Тот же транспорт 6 сентября 1943 года. На рисунке ночь, мчится черный поезд, светит луна. Страшно.
— Хана Камерман из Праги, малышка, родилась в 1935 году. Опять без фото. Покажи рисунок.
Толстенькая девочка держит за руки каких-то малышей.
— Ханичка, боже, — Мауд закрыла лицо руками. — Посмотри на ствол дерева — это же труба, а ветки вверх — пламя… И куст, как пожар… Как ты думаешь, она предчувствовала?
— Не знаю. Взгляни на текст, в порядке?
«Хана Камерман и ее мать жили в одной комнате с моей мамой, бабушкой и сестрой в Q 802. Мать Ханы работала на кухне, у них была еда. И даже что-то вроде постели (мои спали на полу). На постели сидела кукла. Мать Ханы в тридцатых годах была в Палестине, но ей там пришлось туго, и она вернулась в Чехословакию. В октябре 1944 года они были уничтожены в Освенциме».

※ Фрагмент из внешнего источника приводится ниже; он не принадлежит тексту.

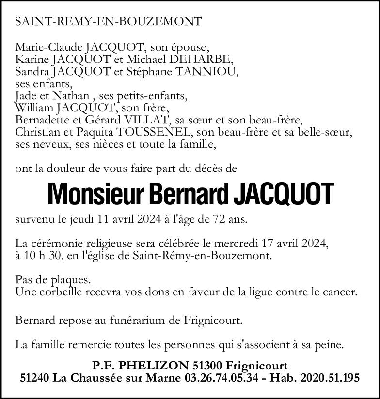 Décédé à Vitry-le-François (51300) le jeudi 11 avril 2024 à l'âge de 72 ans

— И что же тут, по-твоему, в порядке?!
Мауд нервничает. Так дело не пойдет.
— Будем переживать, наляпаем ошибок.
— Ни в коем случае. Все должно быть правильно. Я всю жизнь к этому стремилась. Быть хорошей, никого не обижать, не лгать… Девочку с трубой распечатаешь?
— Зачем?
— Будто это Хана… Она была пухленькой.
— Мауд, что мы сдаем?
— Память, — ответила она, не отрывая глаз от дерева-трубы и ветки-пламени. — Ханичка сидела на горшке, прикрывая ноги юбочкой. Как ни уговаривала ее мама, что здесь все свои, она стеснялась. У печки сидела госпожа Штейн, варила из какого-то суррогата кофе и с блаженной улыбкой дымила какой-то дрянью, закрученной в газету. Она не смотрела на Ханичку, но девочке-то каково?
— Мауд, мы заполняем формуляры в надежде на то, что отыщутся родственники или знакомые. Возможно, и снимок Ханички найдется. Рисунок девочки с трубой тут не поможет.
— А как мы узнаем, найдется он или нет?
Тогда у меня не было ответа. Теперь все компьютеризировано. Но снимок Ханички так и не появился на сайте holocaust.cz. Моравский архив пока еще не разобран.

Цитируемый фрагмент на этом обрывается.